EXERCISE OBJECTIVE: Each line starting at the one that contains "中國(guó)田蓬-越南上蓬口岸貨運(yùn)正式開通 來源: 瀏覽量:3634" and ending at the one that contains "Нощното шкафче с" must be returned exactly, and the rest of the listing is left out.

RECORDED DATA:
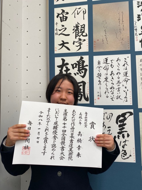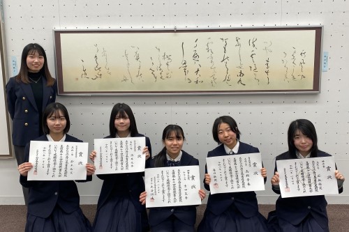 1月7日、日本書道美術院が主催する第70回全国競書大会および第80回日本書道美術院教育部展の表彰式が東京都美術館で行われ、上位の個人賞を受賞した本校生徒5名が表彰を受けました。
* * *
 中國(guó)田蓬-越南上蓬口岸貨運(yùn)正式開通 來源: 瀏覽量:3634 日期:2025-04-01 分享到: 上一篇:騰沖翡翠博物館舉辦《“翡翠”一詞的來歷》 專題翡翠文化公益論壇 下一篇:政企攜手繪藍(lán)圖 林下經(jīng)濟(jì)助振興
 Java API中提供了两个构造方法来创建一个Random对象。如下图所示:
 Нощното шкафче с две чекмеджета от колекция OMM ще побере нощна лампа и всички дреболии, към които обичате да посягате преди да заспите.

OUTPUT:
 中國(guó)田蓬-越南上蓬口岸貨運(yùn)正式開通 來源: 瀏覽量:3634 日期:2025-04-01 分享到: 上一篇:騰沖翡翠博物館舉辦《“翡翠”一詞的來歷》 專題翡翠文化公益論壇 下一篇:政企攜手繪藍(lán)圖 林下經(jīng)濟(jì)助振興
 Java API中提供了两个构造方法来创建一个Random对象。如下图所示:
 Нощното шкафче с две чекмеджета от колекция OMM ще побере нощна лампа и всички дреболии, към които обичате да посягате преди да заспите.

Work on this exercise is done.